* **SUPPLIED INFORMATION**
++++++

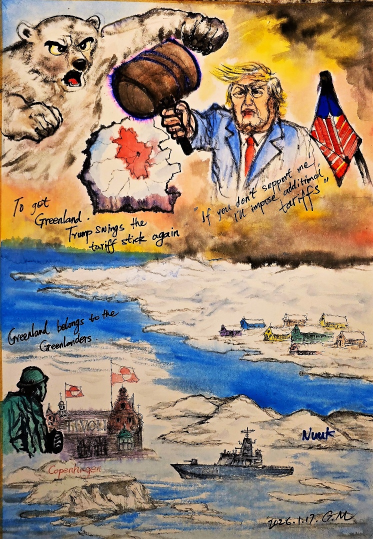 圖1 為了得到格陵蘭島,特朗普再揮關(guān)稅大棒:“不支持我的話就加征關(guān)稅” 紙本彩墨 65cm X 45cm 李公明 作 2026年1月17日
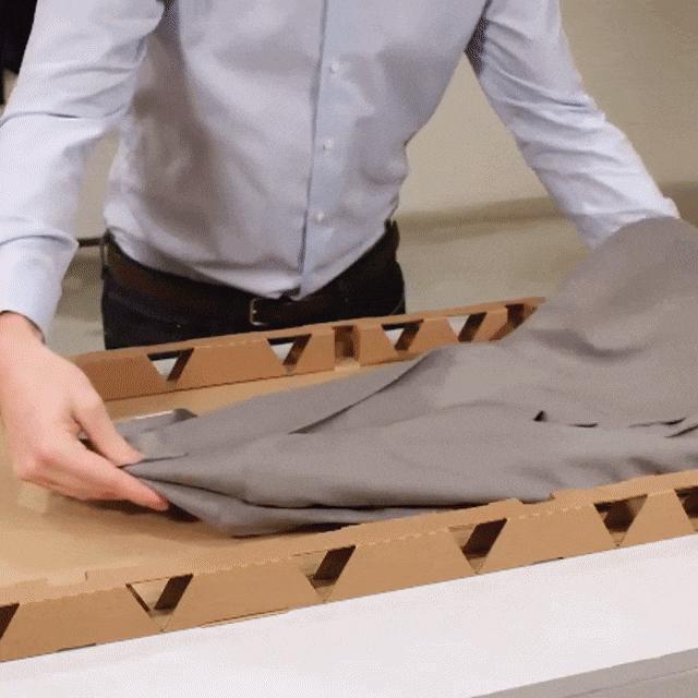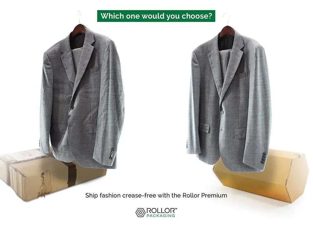 ▲用普通纸箱包装的西装(图左)和用 Rollor Packaging 卷筒式包装盒装的西装(图右). 图片来自:Facebook @Rollor Packaging
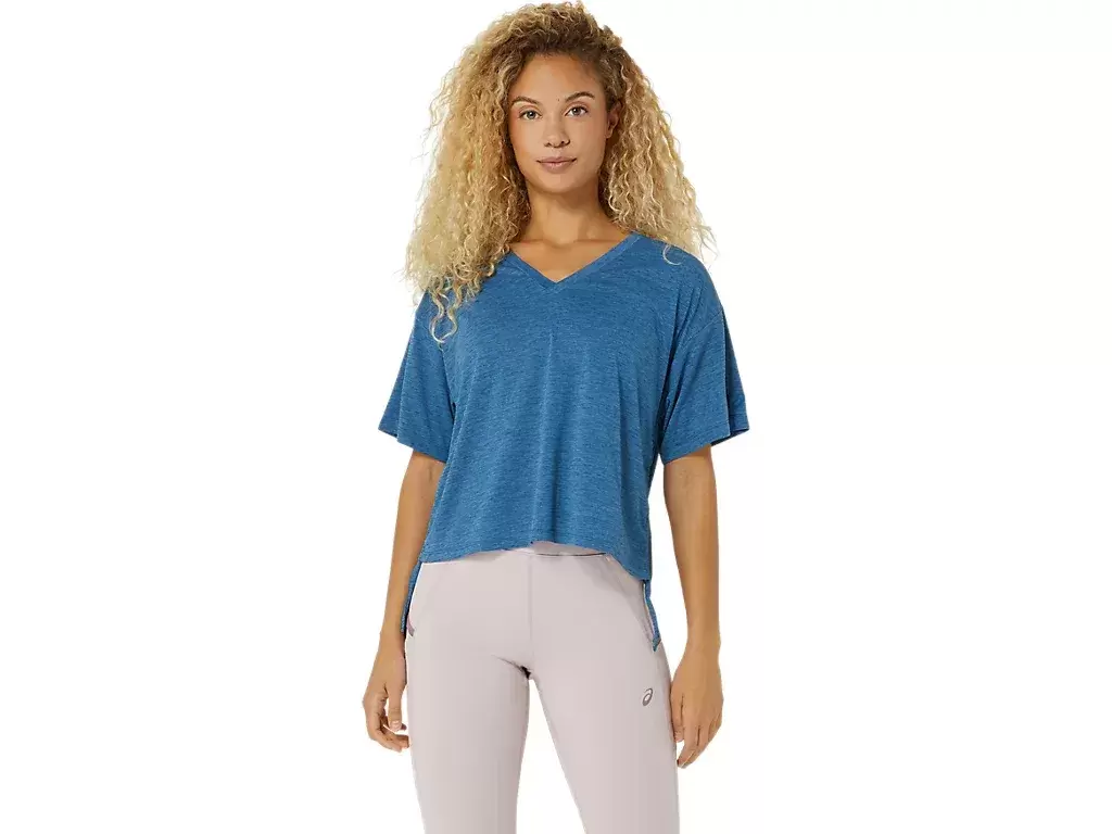 A blusa de manga curta NAGINO™ FLEX HEATHER é funcional para movimentos flexíveis graças ao seu design de baixo impacto.

++++++

* **WHAT THE TASK REQUIRES**
Word-for-word output of the material above is needed, with the pictures left out.

* **OUTPUT**
 圖1 為了得到格陵蘭島,特朗普再揮關(guān)稅大棒:“不支持我的話就加征關(guān)稅” 紙本彩墨 65cm X 45cm 李公明 作 2026年1月17日
 ▲用普通纸箱包装的西装(图左)和用 Rollor Packaging 卷筒式包装盒装的西装(图右). 图片来自:Facebook @Rollor Packaging
 A blusa de manga curta NAGINO™ FLEX HEATHER é funcional para movimentos flexíveis graças ao seu design de baixo impacto.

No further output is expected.